To start with, you need to know which type of VPS environment you will run: Windows or Linux. Linux is a different ballgame than Windows, but certainly has its perks. Regardless of wants and comfort levels, if your site is running on ASP or ASP.net, you will need to use a Windows environment.

 Managed vs Unmanaged

In shared hosting, you don’t get root access to the server and hence the question of managing the server does not arise.

But when it comes to VPS hosting, the whole virtual server is handed over to you. So, there needs to be somebody to look after it and monitor its performance. If this is taken care of by your VPS provider, then it is called managed VPS, whereas in unmanaged VPS you need to take the responsibility of your server all by yourself.

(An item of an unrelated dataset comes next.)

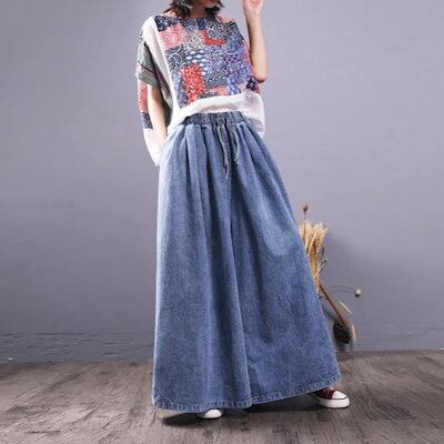 ゆったり デニムパンツ ワイドパンツ 大きいサイズ ジーパン レディース デニム スカーチョ スカンツ ウェストゴム 無地 薄手 春夏秋 ガウチョパンツ スカート見えパンツ フレアパンツ キュロットパ

Unmanaged hosting requires you to monitor the performance and keep the server running in good health. If your server software happens to crash, or some security issue manages to creep in, you are the one to fix it being the only administrator of your VPS.

So, if you are a seasoned geek, who knows the ins and outs of server management and are familiar with stuff like shutting down, repairing, restarting, rebooting the server, then you are a good candidate for unmanaged hosting. Else, you should choose to pay a little more and go with managed VPS.

The extent to which a VPS is managed varies from vendor to vendor and even with different plans with the same vendor. So, you should keep this in mind while comparing different VPS plans or vendors before you go ahead with finalizing one for you.

Most VPS hosting providers offer managed VPS hosting by default, but unmanaged does allow for some additional freedom – provided, of course, that you know how to and are comfortable managing and configuring everything by yourself.

 Redundancy and Scalability 

Redundancy basically refers to having a backup resource in place, especially at the data center. If the regular power supply fails, generators and UPS systems should be there; if the services of the ISP are interrupted, some other alternate arrangement should be there, if one server is overloaded, another standby server should be there; so on and so forth. Scalability, on the other hand, indicates the ability to handle sudden, occasional increased loads on the server, usually by making use of the redundant resources in the system. Both of these combined together translates into higher uptime and consistent performance.